Let her out to play.
She won’t f*ck you over, I promise.
Look, I still feel the bad feels from time to time.
I get hopelessly sad.
People sometimes hurt me.
But I’ve learned to find the beauty in feeling.
I don’t allow myself to go on a numb autopilot anymore.
Boredom has been exterminated from my life.
So, ladies and germs, I proudly present my thoughts and feelings as to why we NEED to have FUN all of the F*CKING TIME:
Because f*ck your rules.
It’s time we challenge the notion that fun is only reserved for certain, specific, static moments.
Just because society told us we should be miserable during our nine-to-five jobs doesn’t mean we have to listen.
Those who have decided we should dread going into work are deeply unhappy entities who are looking to drag us down with them.
F*ck that, and f*ck their rules.
Because we love to play characters.
I’ve had jobs I’ve sorely loathed. But I discovered how to make them gloriously fun without having to compromise the quality of the work.
I would simply get into character, channel a girl who is passionate about sales and see how well I could play the part.
We love to play characters. It’s how we get through painful, boring situations. It taps us back into our glorious childlike playfulness.
Because if you can be boring all the time, I can have fun all of the time.
Okay, so you’ve decided to choose a life that’s boring and dull because you don’t think you deserve to have fun. I disagree.
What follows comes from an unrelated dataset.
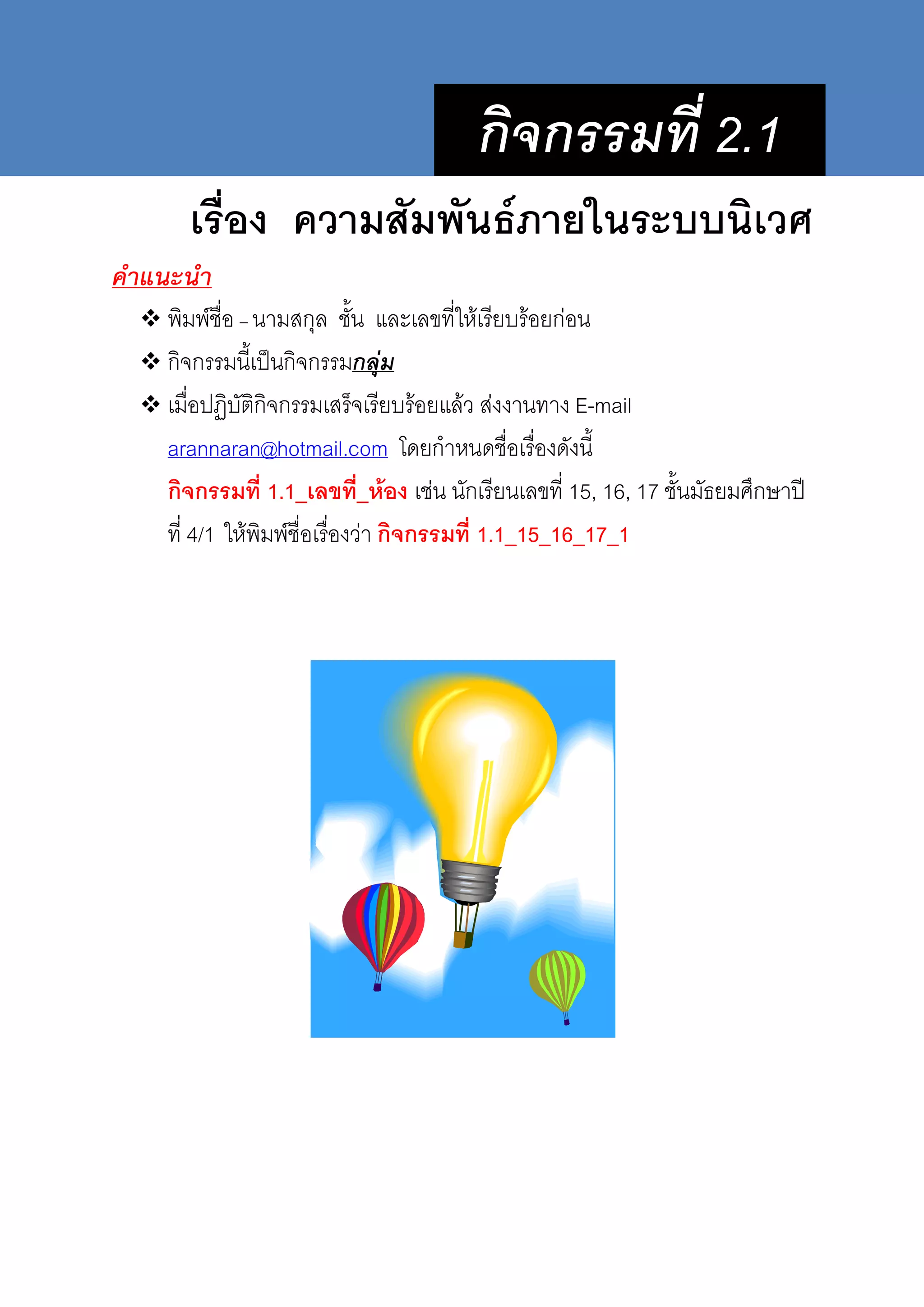 2.1 1. ก ?@กA &7 ? ' &? E F ก &!FG$ http://www.youtube.com/watch?v=Ie23UWQVvXM & & ก [! E ! 'EE& ! 7% 7'$ F! !E& ก F7 กก &7 ? ' ก &7 ? ก ก7! 7% ' 7 ' ก &ก & E& > ' ' &$ ? & ก E& > 'ก ' &$ 'ก ] 7 '' ก & $'E8 ] E E8 $ ก F ก& 10 E ! 'EE& & o E& > ' ' &$ ? & ก o E& > 'ก ' &$ 'ก ] 7 '' o ก & & 8 _ ' & 8 F` Microsoft Office PowerPoint _ ' 'E F $ 'e www.facebook.com , www.slideshare.com , www.wordpress.com !" $

I think having fun is a f*cking birthright. While you’re always welcome to join the fun party – I respect your dull lifestyle.
All I ask is you accept my life of freewheeling, out-of-this-world FUN, and we can live harmoniously in perfect unison.
Because I have good genes.
I come from a long line of fabulously fun women. To repress my fun nature would be to attempt to alter my genetic makeup.
If we dig deep into our roots, we all have good f*cking genes. We are products of survivors who faced incredible adversity.
They didn’t withstand the hardships of the past for the future generations to feel obligated to be bored and miserable, did they?
Because when I enjoy myself, I do better at my job
When we work from a place of tension, it comes through in the work, however, when we work on a project, make a sales call or pour a drink from a place of relaxation and happiness – it’s reflected in this finished product.
As a consumer, we can immediately tell the difference when someone is serving us from a place of misery over a place of love.
It’s that moment when we eat something, and we think, wow – someone put a lot of love in this pasta. We can feel the difference and are more likely to be a repeat client.
Because I don’t take sh*t so seriously
Why would we take sh*t so seriously? Ever? Unless we’re curing cancer or battling in a war, we need to remember that 90 percent of the sh*t we freak out over isn’t that big of a f*cking deal.
Very few things are actually life and death. To get twisted up in dire knots and hell-bent with the toxicity of stress just because you missed the train is a waste of TIME.
Because you get what you give
Whatever energy you throw out into the universe, you get back. I dare you to try it.
If you’re a positive force of nature who is gracing the fine earth with fruits of gorgeous joy and love – you’re going to get that back. In abundance.
Misery breeds misery. Fun breeds more FUN.